Giorgetti doesn’t pretend to have answers. He knows that fashion can only play a small part in making people’s life better—but this is the tool he has at his disposal. “I don’t want to talk about politics, this is a dark, disquieting moment, and my priorities as a designer and a fashion consumer are shifting,” he said. “What I have a feel for now are consistent, well-made things, not fancy things.”

The first 10 looks of his collection were an impactful statement in total black—not the typical feisty explosion of MSGM sweat shirted energy. A boxy sharp-cut jacket in fuzzy black scuba worn over skintight techno lycra leggings read as a sort of manifesto of MSGM’s in-flux situation, which even included a long evening dress in dramatic black satin with sprouting feathers at the collar. Unheard of at MSGM until today. “I’m having a serious total-black moment,” said Giorgetti. For the first time in many years, he was sporting not his usual oversized logo-ed hoodie, but a black tailored blazer from the men’s line. “Men look good in tailoring, no question,” he said. “I’m 45; I’m not a kid anymore. I’m an adult, and I’m actually enjoying it.”

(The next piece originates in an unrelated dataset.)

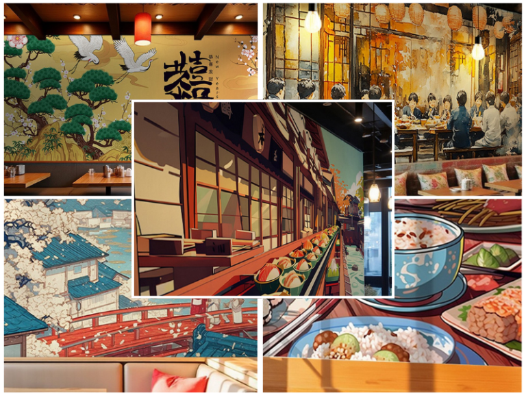 วอลเปเปอร์แคนวาสสั่งพิมพ์สามารถออกแบบให้ตรงกับธีมและคอนเซ็ปต์ของร้านอาหาร ช่วยสร้างบรรยากาศที่สวยงามและเอกลักษณ์เฉพาะตัว ทำให้ลูกค้าจดจำและประทับใจ

Giorgetti focused more on shapes, and increased the quality of the fabrics. Style wise, the collection ticked all the boxes of Milan’s emerging (or already emerged) trends: sweeping greatcoats; minis versus maxis; precise tailoring; allover black; chunky knitted furs; slightly oversized blazers worn on bare legs as coat dresses; a hint of twisted Milanese bon-ton. The only trend lacking here was the ubiquitous slinky bodycon-ness. Although Giorgetti doesn’t really do sexy, there were a few skin-baring options to keep MSGM party animals happy—strapless or see-through tops over bralettes, ultra-mini minidresses in bonded brocade, barely-there miniskirts kept together by knotted bows.

Despite the heavy use of black here, Giorgetti isn’t attracted to darkness. He’s a born optimist, and he can see a silver lining even in the most dispiriting situation. He can’t help but be drawn to color, the stronger and more acid-hued the better. In the second part of the collection, he gave in to his unconditional love for an eye-popping palette. Citrus yellows, quartz greens, metallic mauves, emeralds, and orchid pinks made for a slightly overpowering counterbalance to the neat drama of black. MSGM stalwarts rejoice: the leopard isn’t ready to change his spots just yet.